CeleBreak is a sports technology company that operates a digital platform to make football (soccer) accessible by connecting amateur players for pick-up games, tournaments, leagues, training sessions, and private field rentals.[1][2][3] Founded in 2015 and headquartered in Barcelona, Spain, it serves the amateur sports community across multiple cities including Barcelona, Los Angeles, Berlin, Frankfurt, Hamburg, Munich, and Dubai, with over $1.81M raised in unattributed funding and an estimated revenue of $6M.[1][2] The platform solves the challenge of finding games, fields, and players by enabling easy organization and participation, fostering community growth with 11-50 employees and operations in mobile app development.[1][2]
CeleBreak was founded in 2015 in Barcelona, Spain, at Carrer de Joaquim Ruyra, 9-11, with a focus on building football communities through technology.[1][2][3] While specific founders are not detailed in available sources, the company emerged to address the need for accessible football experiences for amateurs, expanding from Barcelona to international cities like Los Angeles, Berlin, Frankfurt, Hamburg, Munich, and Dubai.[2][3] Early traction came via its app, which organizes games and events, leading to steady growth including $1.81M in total funding through one unattributed round and partnerships for field rentals.[1][2] Pivotal moments include scaling to multiple countries and cities, with recent job postings for community builders and interns in Dubai and Madrid signaling expansion.[3]
CeleBreak rides the wave of sports tech democratization, leveraging mobile apps to tap into football's global popularity (the world's most-played sport) amid rising demand for casual, social fitness post-pandemic.[1][4] Timing aligns with urbanization and app-driven marketplaces (e.g., similar to Plei or Goalcup), where market forces like increased amateur participation and underutilized fields favor platforms that connect supply (fields/players) with demand.[1][2][5] It influences the ecosystem by partnering with facilities for revenue sharing and expanding to new markets like Dubai, contributing to community-building trends in sports tech while competing in a fragmented space of soccer organizers.[3][5]
CeleBreak's momentum—spanning 2015 founding, multi-city presence, and recent Dubai/Madrid hiring—positions it for scaled growth in amateur sports tech, potentially through more funding or acquisitions amid rising app adoption.[2][3] Trends like AI-enhanced matching, Web3 fan engagement, and global football tourism will shape its path, evolving its influence from local connector to international platform leader.
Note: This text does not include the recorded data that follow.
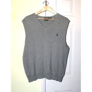 Polo Ralph Lauren 100% Pima Cotton Men Grey Vest V Neck Size XL Green Pony
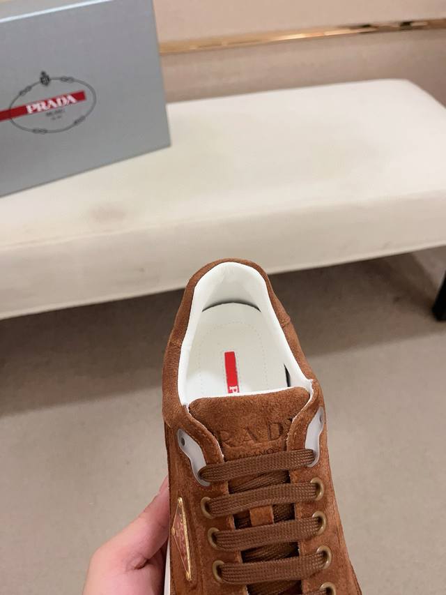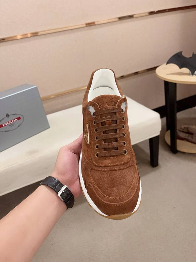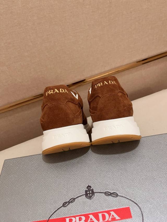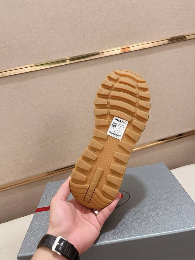 工厂价 高版本 高品质新款PRADA 普拉达 专柜同步上市, 新款男鞋、面料精选头层牛皮高超工艺制作而成。内里:全牛皮内里。高端气垫开模防滑橡胶大底,精美线条、简约大气,上脚舒服上挡次、休闲旅游。码数:38一45 可定做46 47 不退换
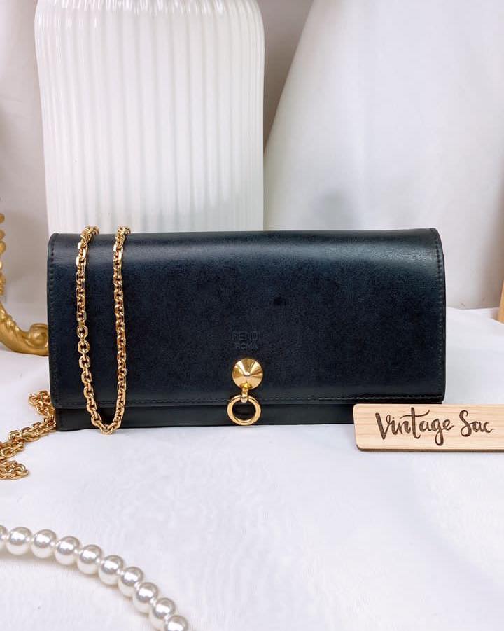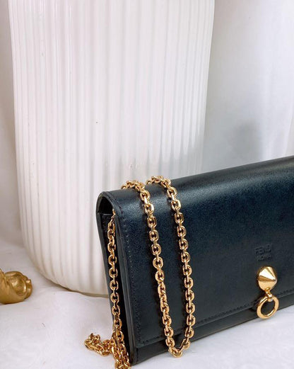 Fendi Black Calfskin By The Way Wallet on Chain
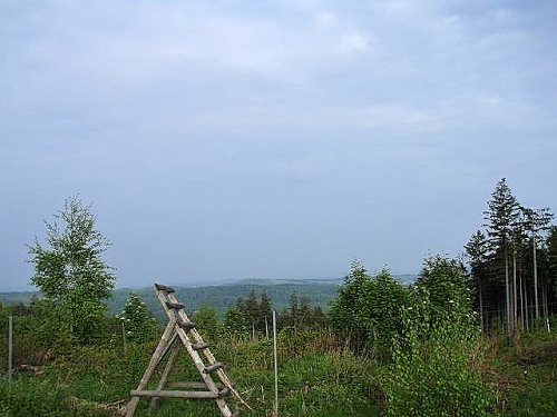 Immer wieder gibt es schöne Ausblicke auf die umliegenden Hügel. Manchmal muss man aber auch ein paar Schritte abseits laufen, um diese genießen zu können. Die Zeit sollte man sich aber nehmen. Es lohnt sich. Zeit ist beim Rennsteig sowieso „relativ“. Das ewige auf und ab kostet nicht nur Kraft, sondern auch Sekunden und Minuten.
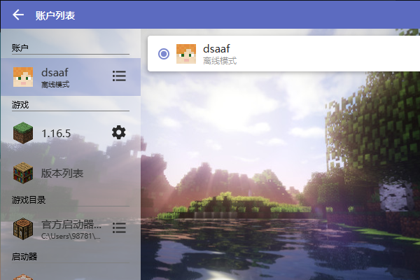 4、可以看到登录模式为离线模式的账户已经添加完毕。
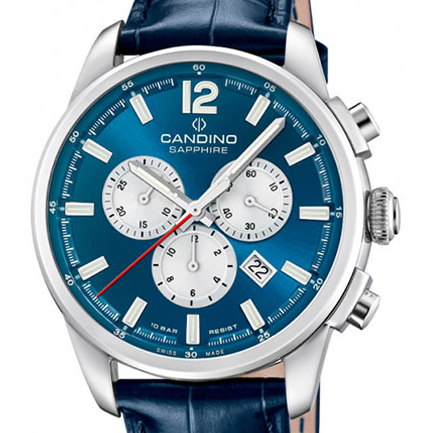 Швейцарские мужские наручные часы-хронографХронографФункция позволяет измерять отрезки времени с особой точностью: часы, минуты, секунды. Верным признаком хронографа является наличие на циферблате 3 дополнительных окошек-счётчиков. Candino Chronograph C4745/5, кварцевый механизм с высокой точностью. Сапфировое стеклоСапфировое стеклоПрочный и надёжный материал из кристалла сапфира синтетического происхождения, характеризующийся особой твёрдостью и устойчивостью к царапинам и повреждениям. устойчивое к появлению царапин, обладающее высокой прозрачностью. Часы, минуты, секунды. Индикация даты. Класс водозащиты: 100 метров, позволит плавать, нырять и заниматься другими водными видами спорта. Корпус часов изготовлен из нержавеющей стали. Стрелки и метки с люминесцентным покрытиемЛюминесцентное покрытиеПозволяет считывать показания времени в темноте. Производители наносят на стрелки, часовые индексы, безель или поверхность циферблата светонакопительный состав, дающий холодное свечение..
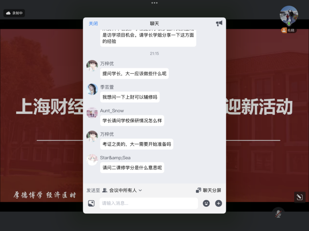 活动最后进入Q&A环节,由02级国际金融专业毛晓校友主持。新生们围绕“转专业细节”“国外交流项目”“实习资源获取”“大一规划重点”“辅修政策”“保研情况”“考证准备”“二课学分认定”等核心关切积极提问,在场校友与在校学长学姐耐心解答,用真实经验与专业信息为新生扫清困惑,进一步深化新老校友间的交流与共鸣。
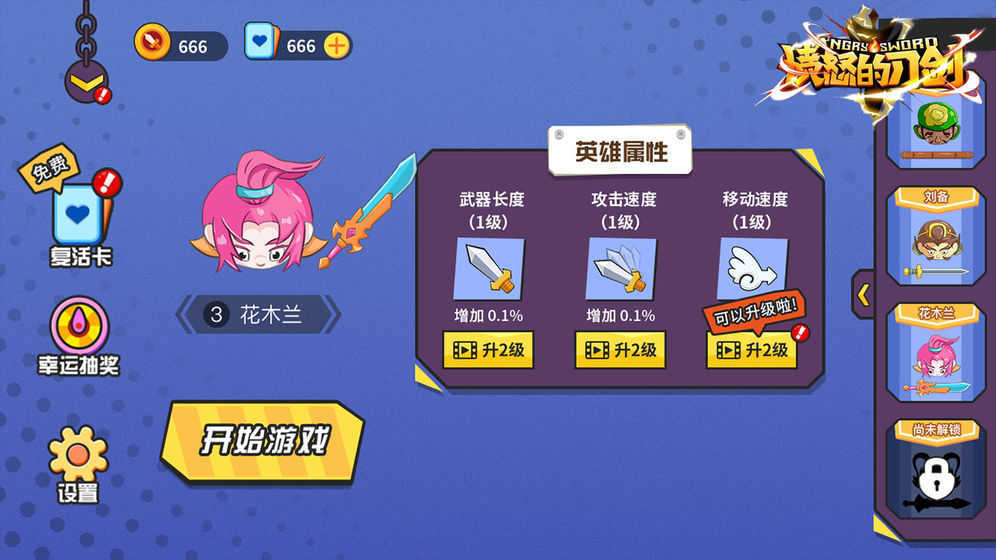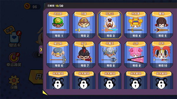 2、游戏打造各种造型各异的人物形象,有花木兰、关羽、猪八戒等等,玩家需要积攒金币来解锁这些厉害的人物;

As community sports digitize, CeleBreak exemplifies accessible football's tech-driven future, tying back to its core mission of uniting players worldwide.[1][3][5]
CeleBreak has raised $1.6M in total across 2 funding rounds.
CeleBreak's investors include Downing Ventures, Eoniq.fund, Outrun Ventures, Plug & Play Ventures, Juan-Luis Hortelano, World Fund, Andreas Mihalovits, Rene De Jong.
CeleBreak has raised $1.6M across 2 funding rounds. Most recently, it raised $1.0M Seed in June 2022.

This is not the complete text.